Antiscalants for thermal processes need to perform at ever higher temperatures. "Operating efficiencies in these plants improve at higher temperatures, and thus antiscalants need to continue to work effectively under such severe conditions," explains Turgeon. BWA's new Belgard EV2000 series products with a modified maleic backbone, end groups and side chains, as well as a narrower molecular weight distribution are designed to meet this growing need in the thermal desalination segment.

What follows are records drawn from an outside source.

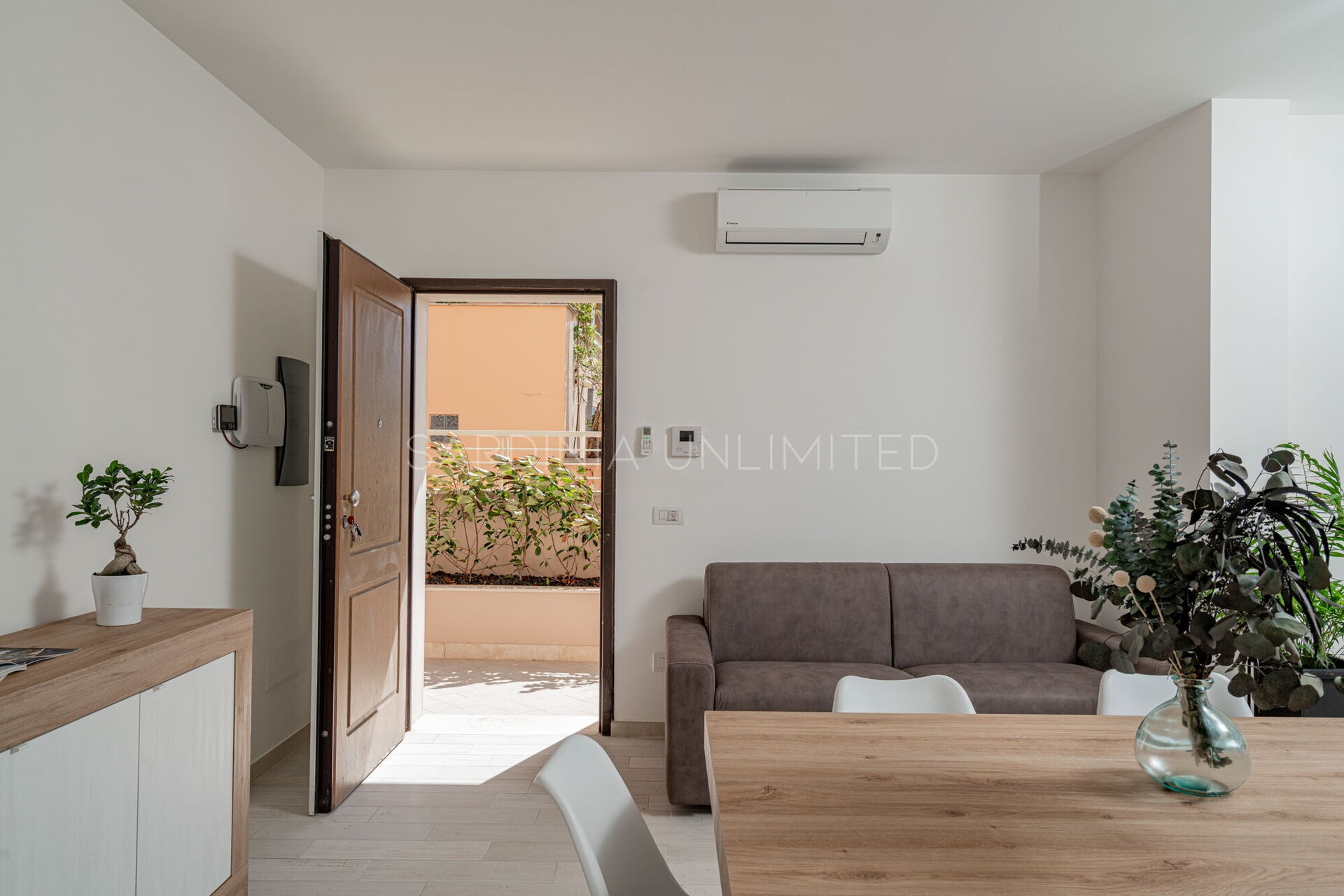 Externally, the apartment features a small private terrace, a cozy outdoor space that invites you to enjoy moments of relaxation, whether it's sipping your morning coffee or unwinding at sunset with a glass of wine, all while being enveloped by the Mediterranean breeze.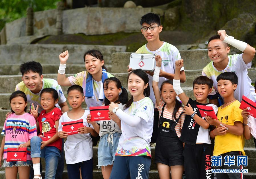 志愿者和乌英苗寨的孩子们在卫生课上(8月10日摄)。 新华社记者 黄孝邦 摄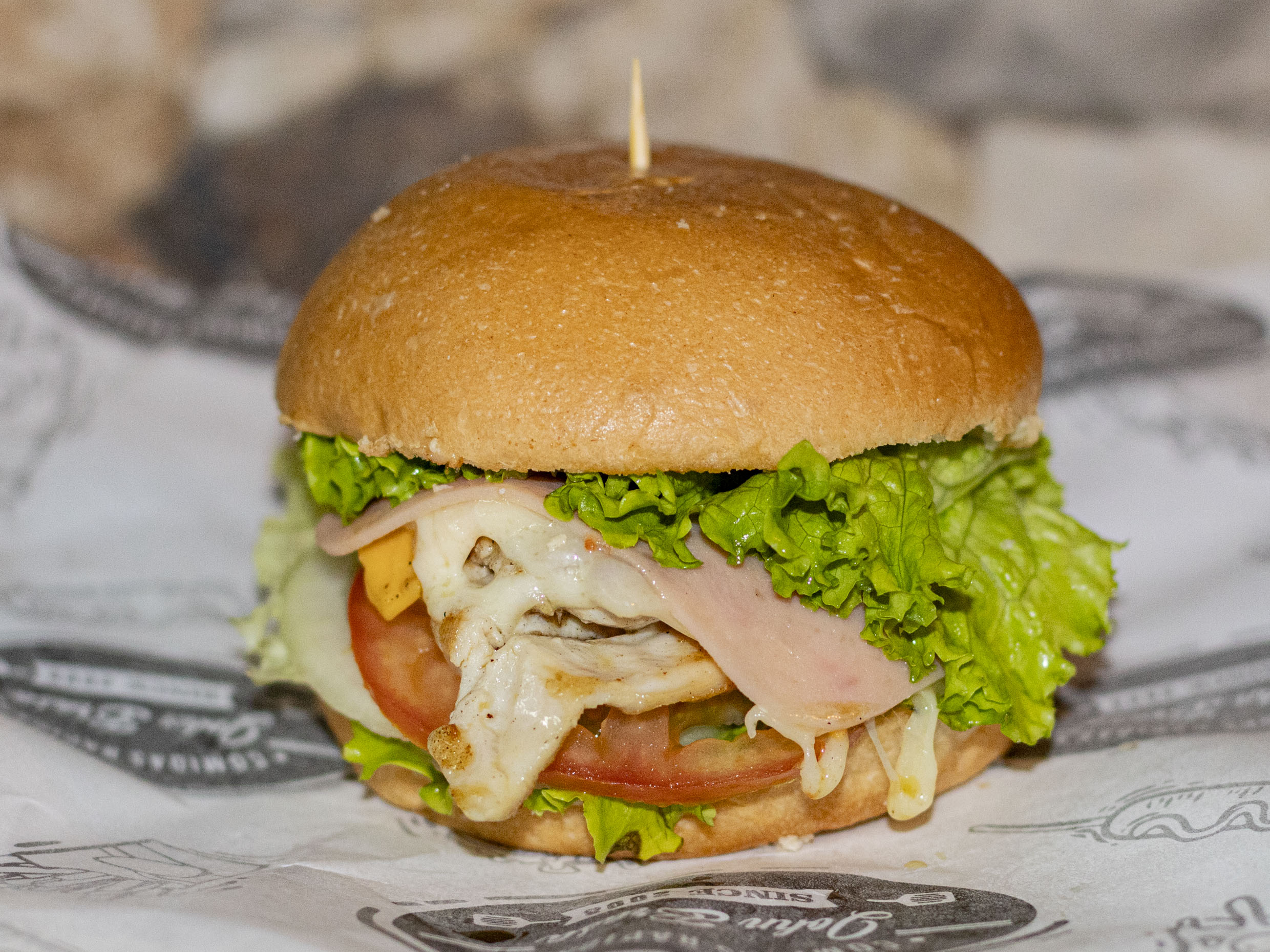 Pan artesanal, 150 g de pechuga de pollo, vegetales, queso mosarella, jamon y salsa de la casa.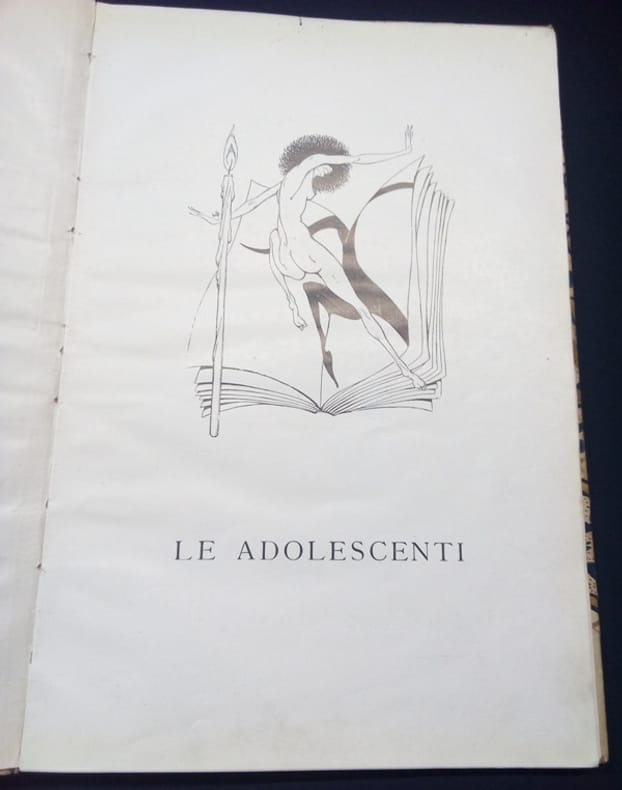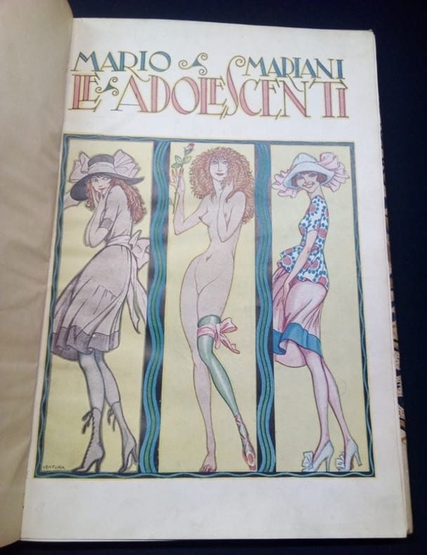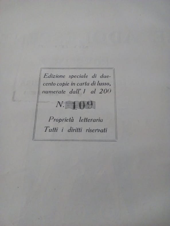 Milan Modernissima Casa Editrice Italiana 1919 In4 ( 30 x 20 cm ) - demi vélin à coins - dos lisse orné de filets dorés - couvertures conservées - 106 pages - 2ff - imprimé sur papier de luxe numéroté 109/200 - Couverture illustrée en couleurs - 1 illustration en frontispice + 10 grandes illustrations en tète de chapitres et 10 culs de lampes - En Italien . Double envoi de Mariani et de Ventura en page de garde à Suzanne Armelle , actrice et metteuse en scène . Trés rare édition originale . Le livre fut interdit et saisi et l'auteur condamné pour outrage à la pudeur . Les éditions suivantes furent expurgées de la partie intitulée " Maria Veraldi " . Mario Mariani ( 1884/1951) , anarcho-jouisseur , s'était spécialisé dans la littérature dérangeante . A l'avènement du fascisme il s'installa en France puis émigra au Brésil .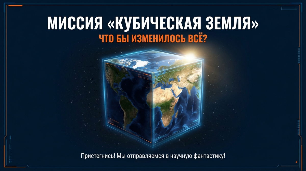 Внимание, внимание, все на старт! Сегодня у нас не обычный урок, а самая настоящая космическая миссия. Мы будем фантазировать, как безумные учёные, и зададим один очень странный вопрос: А что, если бы наша планета была... не круглой, а кубиком? Как игральный кубик, только размером с целый мир! Готовы к путешествию в невозможное? Тогда погнали!
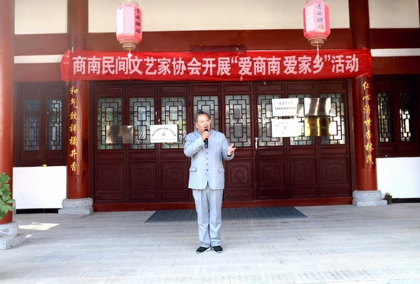 商南县政协原副县级督导员、县民协名誉主席刘凤鑫在讲话中指出,县民协组织开展“爱商南,爱家乡”民间文化采风活动,很必要,也很有意义,这也是增强文化自信的具体实践。有道是高手在民间,民间有无穷的智慧,千百年来积淀形成数不胜数的神话传说、民间故事、民间歌谣、民间戏曲、民间工艺美术作品,都值得我们认真长期学习、实践和传承。几千年来,一代又一代中华儿女不断地从神话传说、俚语故事、民谣小戏里,从乡风民俗、村规家训、剪纸年画中获得精神滋养,砥砺家国情怀,形成独特的中华文明和民间文化,这些就是民间文艺家取之不竭的创作源泉和精神富矿。刘凤鑫同志激励文艺家们要以本次采风活动为契机,不断挖掘、整理、创作出更好更多的民间文化作品,服务群众,服务社会,共同携起手来,在商南这片文化的沃土上奋勇前进,在大秦岭封面里绽放人生精彩。

Biocides are also critical. They prevent biofouling, which is a major issue for membrane processes. Choices are limited, particularly because of compatibility issues with membrane chemistries and the need to meet regulatory requirements for potable water streams. Oxidizing biocides such as chlorine dioxide, as well as some organic, nonoxidizing compounds, are common. Even with these treatments, cleaning of desalination plants, typically with caustic soda and citric acid washes, is required on a regular basis.

The water that leaves desalination plants is often of very high purity and thus may need to undergo remineralization to reduce its aggressiveness. This process, according to Merv Ogston, Tech Solutions Engineer for Water & Wastewater at BOC Australia (part of Germany gases and engineering company Linde), involves injection of carbon dioxide (CO₂) and calcium hydroxide to form calcium carbonate. Chlorination and fluoridation typically follow as well. A new RO plant commissioned recently in Sydney, Australia, has a maximum design capacity of approximately 16 tonnes/day of CO₂.

"This technology for buffering desalinated water is the most cost-effective and efficient method available today," says Ogston. "There is tremendous activity in the Asia-Pacific region, with many plants already in operation, under construction or in the planning stages, providing a tremendous growth opportunity for CO₂."

Membrane manufacturers are also clearly benefiting from the strong growth in desalination. Membranes today are based on thin-film composite polyamide chemistry, which has replaced older cellulose acetate technology. These composites often include polyester, polysulfone, polyethersulfone or polyacrylonitrile layers, in conjunction with the top polyamide surface. Leading suppliers Dow Water & Process Solutions and Hydranautics, both US, continue to refine the chemistry to improve the salt and solid rejection rates at lower pressures and energy consumption levels, while reducing fouling and extending the lifetime of the membranes.

"Membrane chemistries are fairly similar, but some are designed to operate at lower pressures or to provide the highest separation," says Richard Franks, manager of applications at Hydranautics. "The technology is in fact approaching the limits of energy savings due to the osmotic pressure of the salt solutions."

Several groups are researching alternative membrane technologies. Dow is sponsoring research in the US at Virginia Polytechnic Institute and the University of Texas at Austin targeting development of oxidation-resistant RO membranes. Scientists at University of California, Los Angeles, treated a polyamide thin-film RO membrane with plasma to create active sites to which were grafted polymer chains, forming a charged "brush layer" that prevents fouling.

At Massachusetts Institute of Technology, researchers have developed a microfluidic device using ion concentration polarization that has the potential for use in portable desalination units. Seawater flows through microchannels connected by a Nafion (sulfonated tetrafluoroethylene-based fluoropolymer-copolymer) membrane. With an electrical field across the membrane, electrostatic forces repel salts contained in the seawater. The salts never pass through the membrane and thus fouling is avoided.

At the University of Western Australia, carbon nanotubes incorporated into membranes allow water but not salts to flow through at pressures much lower than those required for conventional RO membranes.

Meanwhile, researchers at the US's Yale University are investigating forward osmosis technology, which uses the osmotic pressure of CO2 and ammonia dissolved in water on one side of the membrane to draw water through and leave salts behind. The CO2 and ammonia are driven off by heating and recycled, leaving pure water behind.